Data entries

■ ■ ■ ■

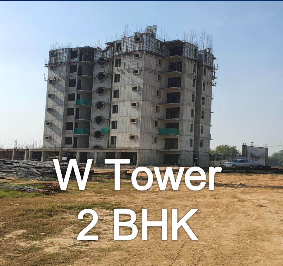
W Tower 2 BHK
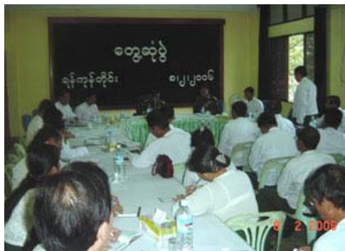
USDA Meeting, Rangoon
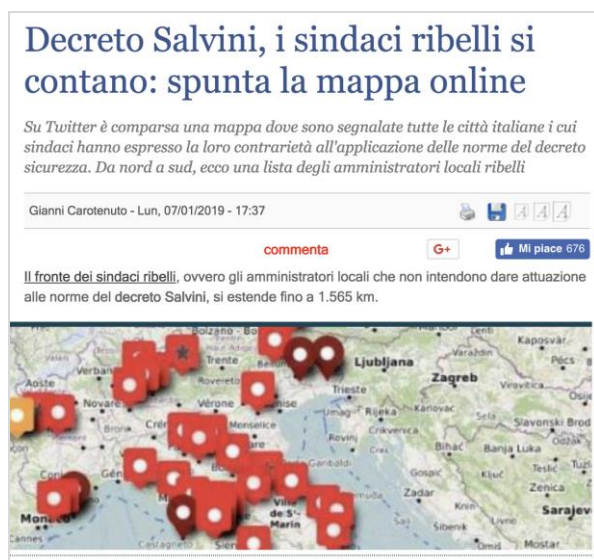
Figure 5. Acknowledging the map on national press.

The map also became a tool to recall the resistance beyond its concrete presentation: in the webpages of Internazionale , the map lives in the form of a mere link (Figure 6).
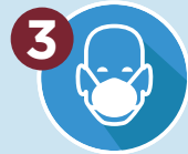
3 Put on N95 Respirator and Perform Seal Check
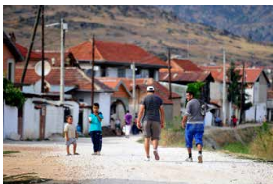
Street lighting was needed in Erdovan Sabanoski Street in the Trizla settlement in Prilep.
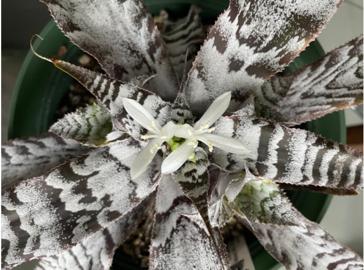
Cryptanthus 'Absolute Zero' is a Jim Irvin hybrid.
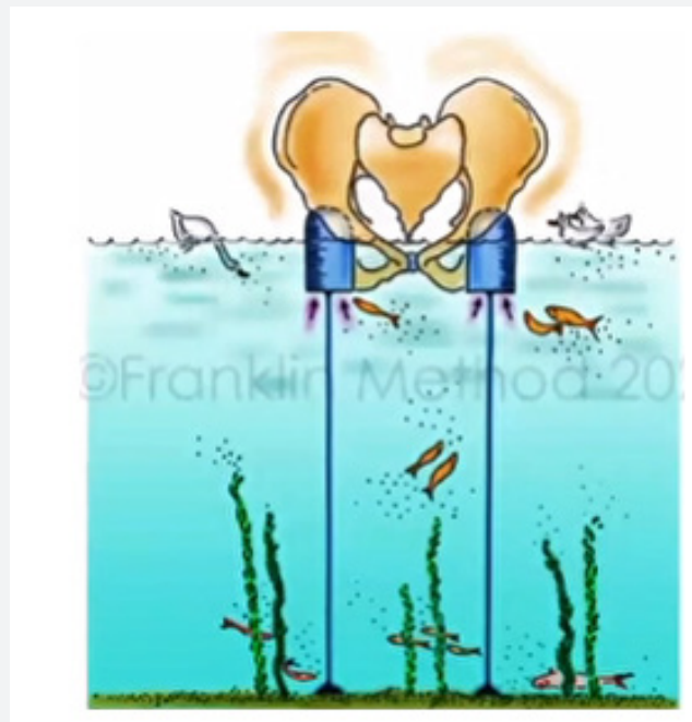
Figure 2: Metaphorical Imagery.

Alysen Starko-Bowes Franklin Method Equestrian Founder demonstrates tapping of the body using Franklin balls. Tapping is used for proprioception to stimulate the sensory nerves.
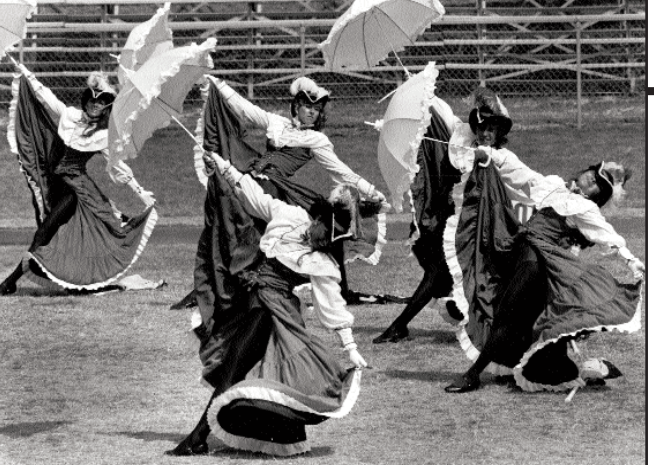
Santa Clara Vanguard, 1983, at DCI Midwest in Whitewater, WI.

competition. The only corps to beat Santa Clara that year was the Troopers -- once. After two days of DCI Prelims, 14,000 fans in Warhawk Stadium sat in tense silence waiting for scores. "And in second place, with a score of 86.15... the Troopers." The stands erupted into such a deafening roar, the announcer's voice could barely be heard. "And in first place, with a score of 88.65, the new DCI champions, the Santa Clara Vanguard!" The corps had won 27 contests that year, including the big one. The drum line went undefeated, something they repeated for two consecutive years.
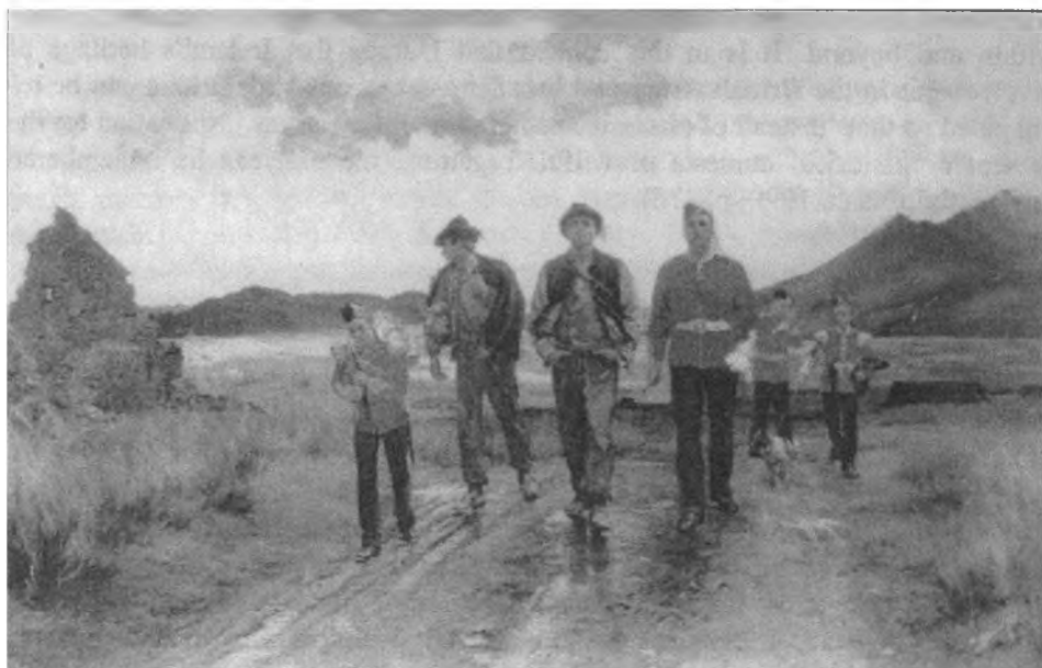
Figure 3.1 'Listed for the Connaught Rangers' (1878) by Lady Butler

■ ■ ■ ■

**Task statement**
Without any picture, return exactly the lines of the records above from the first through the line that contains "Figure 2: Metaphorical Imagery.".

**Result**
W Tower 2 BHK
USDA Meeting, Rangoon
Figure 5. Acknowledging the map on national press.

The map also became a tool to recall the resistance beyond its concrete presentation: in the webpages of Internazionale , the map lives in the form of a mere link (Figure 6).
3 Put on N95 Respirator and Perform Seal Check
Street lighting was needed in Erdovan Sabanoski Street in the Trizla settlement in Prilep.
Cryptanthus 'Absolute Zero' is a Jim Irvin hybrid.
Figure 2: Metaphorical Imagery.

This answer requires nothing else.